Two Reasons I Still Have Hope

promises.jpg

I’m in love with Autumn. It’s like hitting the restart button on my little corner of the world. It’s a visual reminder that summers full of energy, activity and adventure cannot and should not last forever. There comes a time to slow down and rest.

There is undeniable beauty in the color of dying leaves, but beauty is not so easily found in the death of all things. I think of my friend who lost his wife shortly after giving birth to their first baby, or my friends who lost a husband, father and grandfather when he suddenly collapsed in his driveway a few weeks ago. My thoughts turn to the recent devastation of natural disasters and the horrific shooting in Las Vegas, and I wonder how to process all of this loss. 

And just when the collective weight of these tragedies feels like it will crush my heart, I look at my children and see beauty and joy and hope. I watch my daughter, Nora, holding her friend Virginia’s hand as they walk to school and I see the seeds of our future being planted. I’m reminded that there is still goodness in the world, that there are flowers still growing just below the surface even when we can’t see them. Not all hope is lost.

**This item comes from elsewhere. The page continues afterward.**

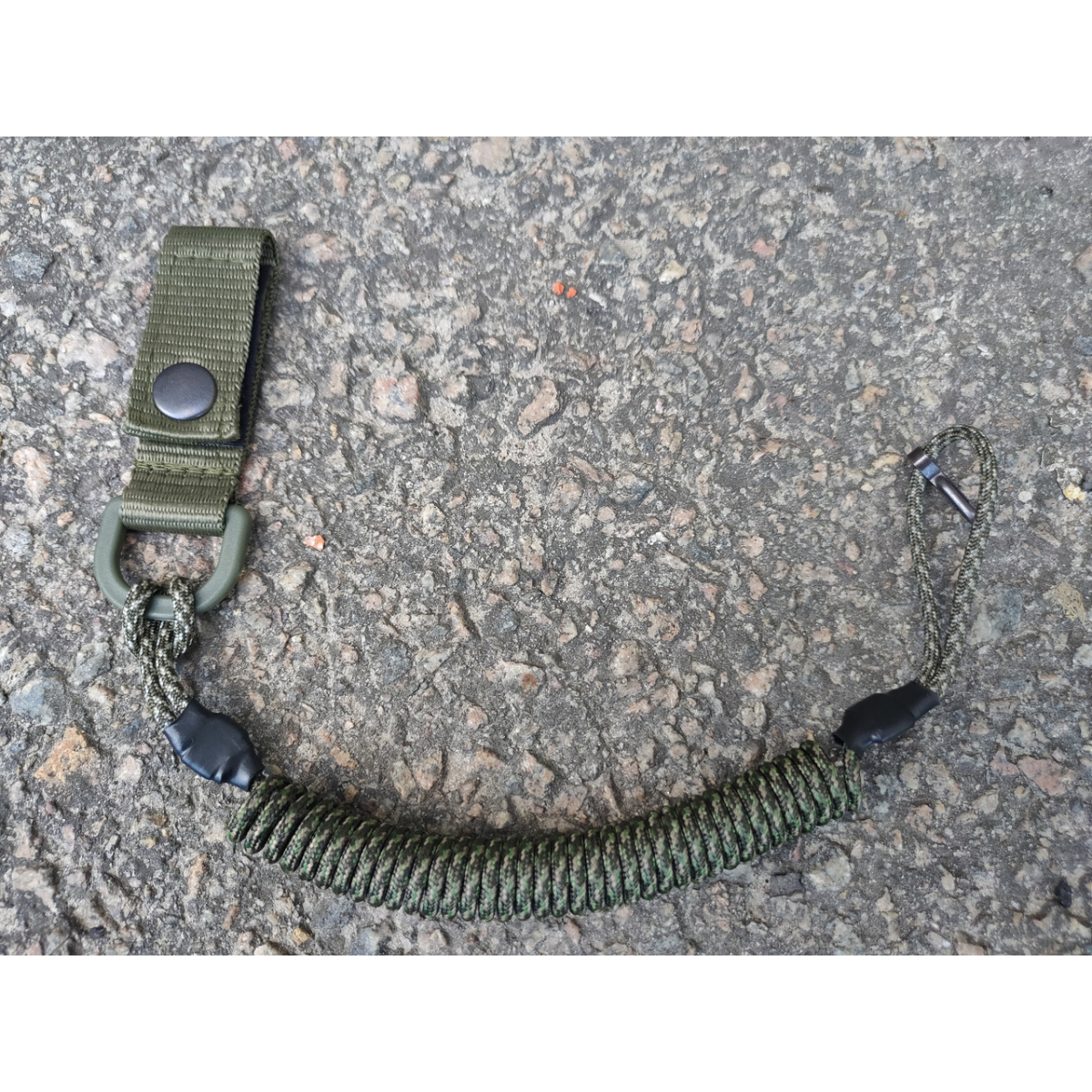 С другой стороны имеется металлический карабин, с его помощью шнур легко прикрепить к пистолету в проушину на рукояти или, если есть такая потребность, пристегнуть связку ключей, фонарик, нож и т.д.

I think we all have a sense deep in our souls that things are not as they should be. We feel it more deeply when devastation visits us. We experience fleeting moments of truth and beauty in our lives, but we can never seem to hold onto them long enough. It is an aching reminder that this world is broken, but even in this longing we hold onto the promise that one day, Jesus will set all things right. 

C.S. Lewis describes this perfectly in his poem about Aslan (the Christ figure) in “The Lion, the Witch and the Wardrobe:” 

Wrong will be right, when Aslan comes in sight,

At the sound of his roar, sorrows will be no more,

When he bares his teeth, winter meets its death,

And when he shakes his mane, we shall have spring again.

In the meantime, we live in the tension. It is good and healthy to grieve because it means we are engaging this life with our hearts open. And in the midst of that grief, we can hold onto hope because there is still beauty to be found in this broken world, and because we know that one day our Savior will make our broken world whole again. We might not see it yet, but he keeps his promises. There will be life again.